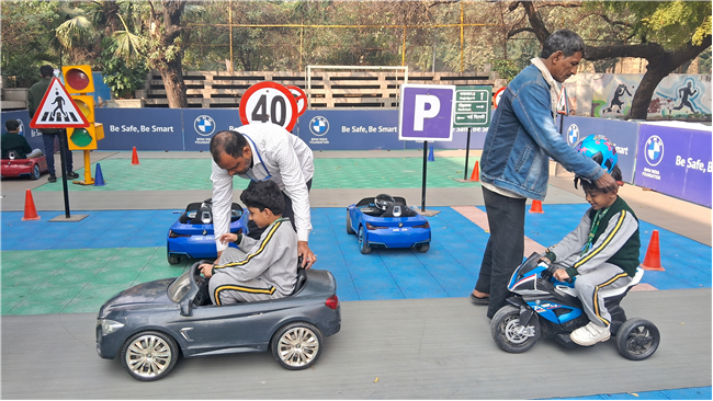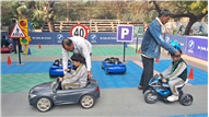 A major highlight of the workshop was the traffic park simulation set up on the school premises. Using child-friendly battery-operated bikes and cars, students experienced real-life traffic situations. They practised stopping at signals, following lane rules, giving way to pedestrians, and respecting road signs, thereby strengthening discipline and decision-making skills in a fun environment.
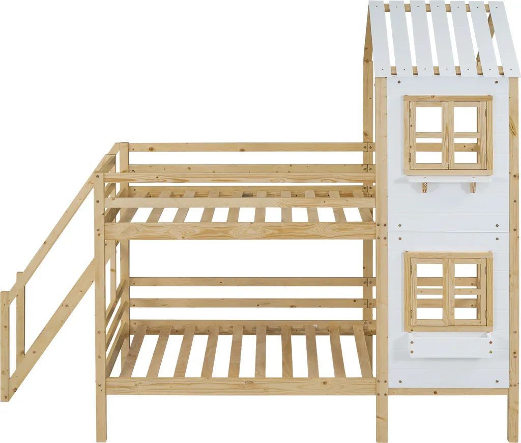 Merax Etagenbett 90x200cm Kinderbett Mit Leiter, Fallschutz Und Lattenrost, Hochbett Stockbett Kiefer Holzbett Hausbett Mit Dach Und Fenster, Weiß/Natur
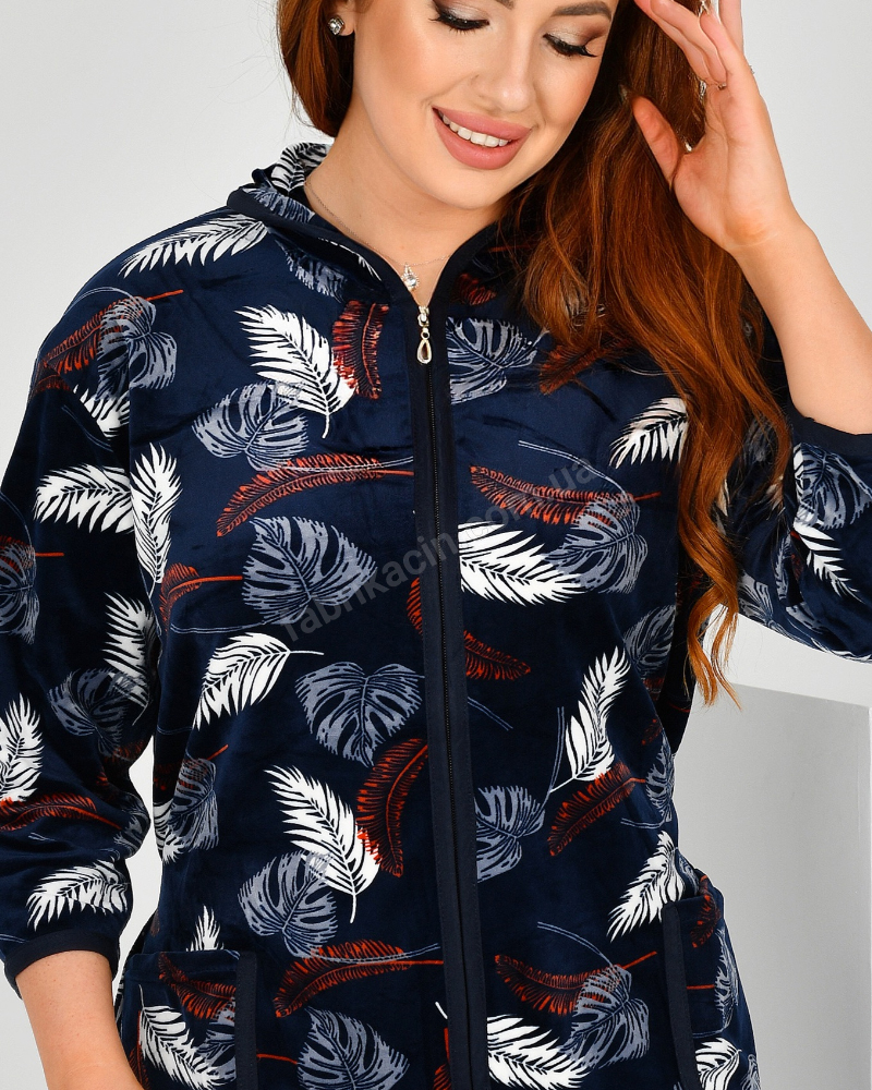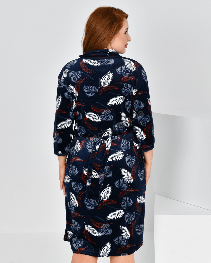 Комфортний і м'який халат з рукавом 3/4, який не хочеться знімати, з високоякісної велюрової тканини у листочки з двома кишенями і зав'язується пояском ззаду, еластичний - добре тягнеться. Саме велюровий халат обов'язково стане вашим улюбленим одягом для дому, адже велюр по праву вважається одним з найоптимальніших матеріалів для пошиття домашнього одягу.
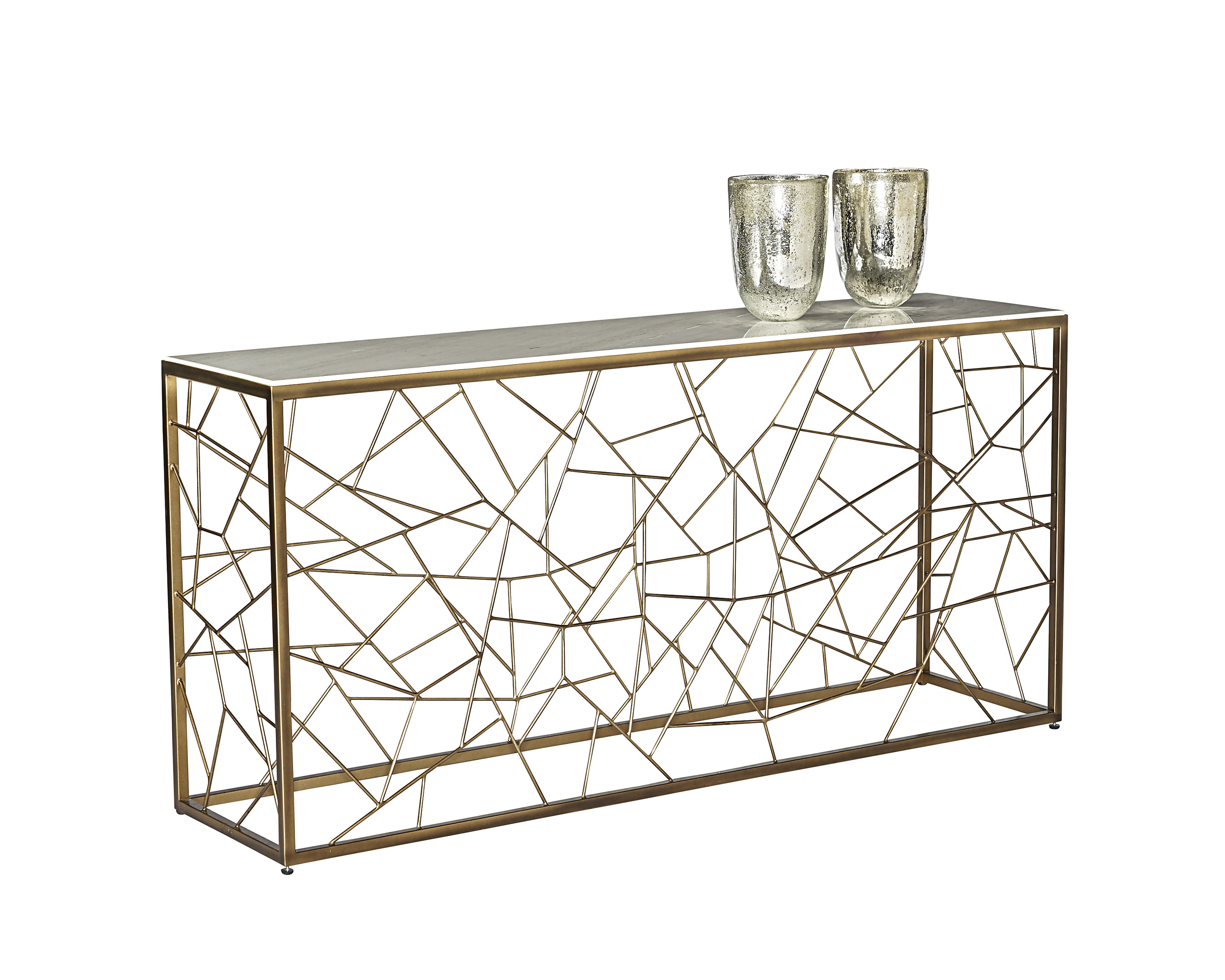 This large and dramatic console table is sure to be the center of attention in any room. A white Volakas marble top is beautifully paired with a powder-coated rustic bronze steel frame in an intriguing webbed pattern. Suitable for lounge and living spaces in residential and commercial environments. As marble is a natural material, unique veining, pitting, fissures, micro-cracks and colour variations are all characteristics that add to the uniqueness and beauty of each piece.
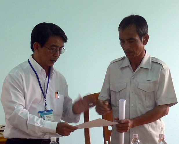 Ông Biện Văn Hoan, Phó Chánh án TAND tỉnh Bình Thuận, hướng dẫn ông Nén làm đơn yêu cầu bồi thường oan. ảNH: PHƯƠNG NAM
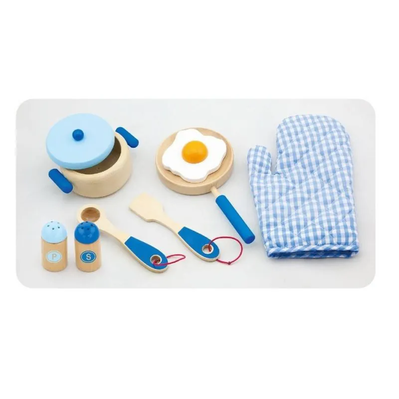 Zils, koka cepšanas komplekts:cepšanas lāpstiņas,karote, katls ar vāku,panna ar olu,2 garšvielu trauciņi,cepeškrāsns cimds.Lieliski sader ar "Viga" virtuvi vai kā atsevišķa virtuves rotaļlieta.Jaunie pavāri bieži vēlas palīdzēt vecākiem virtuvē, tāpēc tagad viņi varēs gatavot ēdienus kā īsti pieaugušie.Spēlējiet ar "Viga" rotaļlietām, kas palīdz jūsu bērnam attīstīt loģisko domāšanu un motoriskās prasmes.
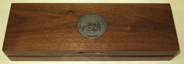 10" long knife in wood case, highly engraved & high-quality, wood box has a medal emblem in the lid, comes with the original SN# Certificate too; SN#801 of 4,000 made; but I don't think the full 4,000 were ever made; they are much rare than that, great piece
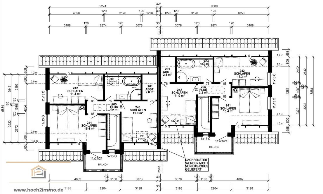 Die Ausführung erfolgt als Sparrendach, Kehlbalkendach oder Nagelbinderdach, je nach Haustyp, mit unterschiedlicher Dachneigung.
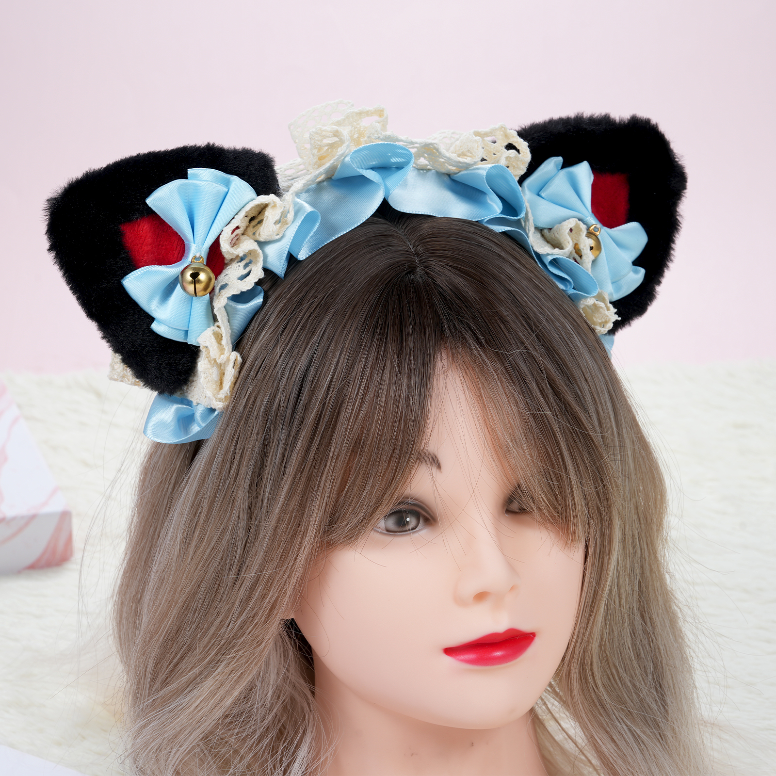 Fluffy Cat Ears Headdress Ribbon Headband Cute Hair Ornament Hair Accessory Lace Cat Ears Hairband for Girls and Women
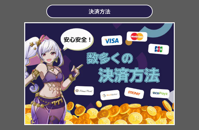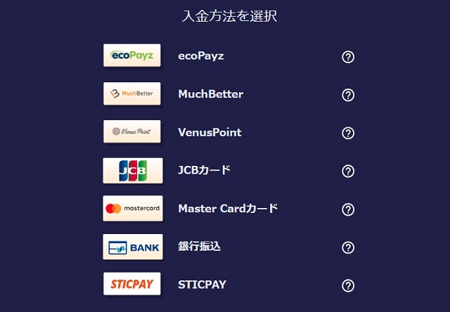| 入金方法 | クレジットカード(MasterCard / JCB ) / ecoPayz / VenusPoint / MuchBetter / STICPAY / 銀行送金 |
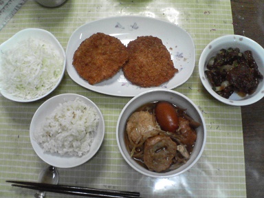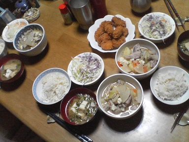 今日は揚物などを頂きます。一口カツ?豚レバーも頂きます。味噌汁代わりに鍋の余り物?キャベツサラダも頂きます。今日もおいしく頂きました。
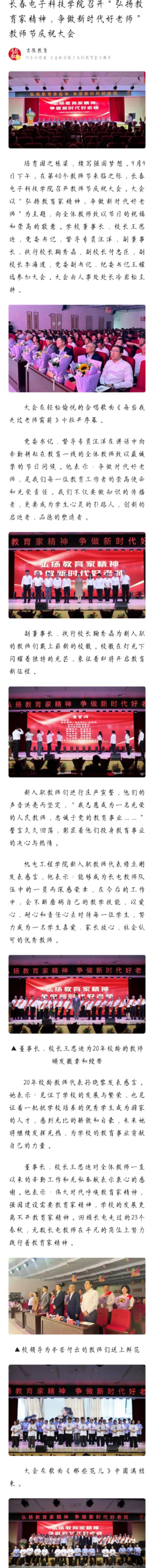 【今日頭條】長春電子科技學(xué)院召開“弘揚(yáng)教育家精神,爭做新時(shí)代好老師”教師節(jié)慶祝大會(huì)
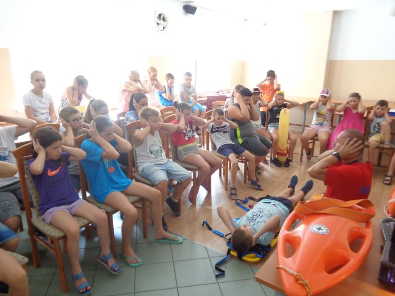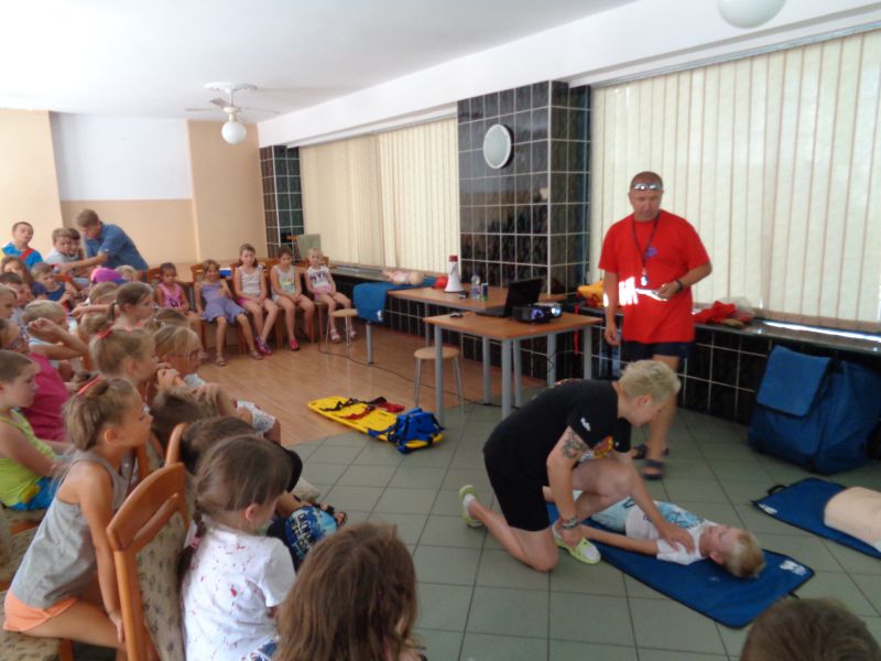 Adresatami pokazów byli półkoloniści korzystających z półkolonii "na sportowo" organizowanych przez Gnieźnieński Ośrodek Sportu i Rekreacji. Brali oni bardzo aktywny udział w zajęciach. Mieli okazję dowiedzieć się, w jaki sposób należy używać sprzętu ratowników wodnych, a na fantomach ćwiczyli resuscytację krążeniowo - oddechową. Dzieci uczyły się również, jak udzielić pomocy dzwoniąc pod numer alarmowy 112.
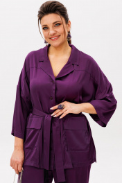 Костюм в пижамном стиле от Анелли — роскошь повседневности. Шелк армани — это всегда про изысканную текстуру и благородное течение ткани. В этом костюме вы почувствуете, как материал мягко обволакивает кожу, даря ощущение комфорта и лёгкой невесомости. Блуза с изящной линией плеча и расширенным укороченным рукавом создаёт элегантную небрежность. Классический воротник с лацканами и накладные карманы добавляют стильную строгость, а застёжка на пуговицу и декоративный съёмный пояс позволяют играть с силуэтом. Брюки с эластичным поясом и мягким расширением к низу подчеркнут вашу женственность, не ограничивая движений. Они струятся по фигуре, делая каждый шаг воздушным. Этот костюм — идеальный спутник для утра с круассаном, прогулки по городу или встречи за кофе. Добавьте каблуки — и образ заиграет новыми гранями, сочетая в себе домашний уют и светскую элегантность. Позвольте себе быть королевой в любой ситуации — этот наряд создан именно для этого. Замеры: Размер 46: Блуза: ОГ-116; ОБ-116; ОП-44; ДИ-65; ДР-33; ШП-24; Брюки: ОТ-90; ОБ-104; ДИ-104; ширина по низу - 54; Размер 48: Блуза: ОГ-118; ОБ-118; ОП-44; ДИ-68; ДР-31; ШП-26; Брюки: ОТ-96; ОБ-110; ДИ-105; ширина по низу - 56; Размер 50: Блуза: ОГ-122; ОБ-122; ОП-44; ДИ-69; ДР-30; ШП-28; Брюки: ОТ-102; ОБ-114; ДИ-106; ширина по низу - 56; Размер 52: Блуза: ОГ-126; ОБ-126; ОП-44; ДИ-70; ДР-29; ШП-29; Брюки: ОТ-108; ОБ-118; ДИ-107; ширина по низу - 56; Размер 54: Блуза: ОГ-130; ОБ-130; ОП-44; ДИ-70; ДР-27; ШП-31; Брюки: ОТ-114; ОБ-124; ДИ-106; ширина по низу - 58; Размер 56: Блуза: ОГ-134; ОБ-134; ОП-44; ДИ-70; ДР-26; ШП-33; Брюки: ОТ-118; ОБ-128; ДИ-107; ширина по низу - 58; Размер 58: Блуза: ОГ-138; ОБ-138; ОП-44; ДИ-70; ДР-24; ШП-35; Брюки: ОТ-122; ОБ-132; ДИ-107; ширина по низу - 60.
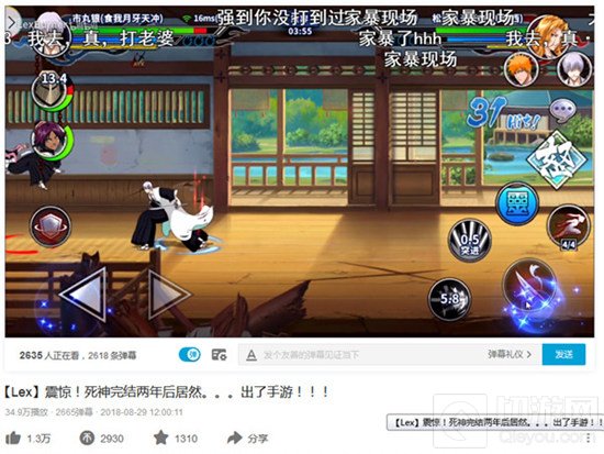 LexBurner拥有350万粉丝,是B站游戏区知名UP之一。他发布的《死神激斗》视频在短短数小时内,播放量就突破了30万。在视频中,LexBurner发挥一贯的“趣味吐槽”风格,为玩家讲解了《境界-死神激斗》手游的PVE玩法之后,话锋一转,向玩家介绍起《境界-死神激斗》中实时竞技的PVP道场玩法。
○ ○ ○
■ TASK ■
Please give again, exactly and only, the lines from the top of the listing above through the line that has "Zils, koka cepšanas", with pictures left out.

■ RESPONSE ■
 A major highlight of the workshop was the traffic park simulation set up on the school premises. Using child-friendly battery-operated bikes and cars, students experienced real-life traffic situations. They practised stopping at signals, following lane rules, giving way to pedestrians, and respecting road signs, thereby strengthening discipline and decision-making skills in a fun environment.
 Merax Etagenbett 90x200cm Kinderbett Mit Leiter, Fallschutz Und Lattenrost, Hochbett Stockbett Kiefer Holzbett Hausbett Mit Dach Und Fenster, Weiß/Natur
 Комфортний і м'який халат з рукавом 3/4, який не хочеться знімати, з високоякісної велюрової тканини у листочки з двома кишенями і зав'язується пояском ззаду, еластичний - добре тягнеться. Саме велюровий халат обов'язково стане вашим улюбленим одягом для дому, адже велюр по праву вважається одним з найоптимальніших матеріалів для пошиття домашнього одягу.
 This large and dramatic console table is sure to be the center of attention in any room. A white Volakas marble top is beautifully paired with a powder-coated rustic bronze steel frame in an intriguing webbed pattern. Suitable for lounge and living spaces in residential and commercial environments. As marble is a natural material, unique veining, pitting, fissures, micro-cracks and colour variations are all characteristics that add to the uniqueness and beauty of each piece.
 Ông Biện Văn Hoan, Phó Chánh án TAND tỉnh Bình Thuận, hướng dẫn ông Nén làm đơn yêu cầu bồi thường oan. ảNH: PHƯƠNG NAM
 Zils, koka cepšanas komplekts:cepšanas lāpstiņas,karote, katls ar vāku,panna ar olu,2 garšvielu trauciņi,cepeškrāsns cimds.Lieliski sader ar "Viga" virtuvi vai kā atsevišķa virtuves rotaļlieta.Jaunie pavāri bieži vēlas palīdzēt vecākiem virtuvē, tāpēc tagad viņi varēs gatavot ēdienus kā īsti pieaugušie.Spēlējiet ar "Viga" rotaļlietām, kas palīdz jūsu bērnam attīstīt loģisko domāšanu un motoriskās prasmes.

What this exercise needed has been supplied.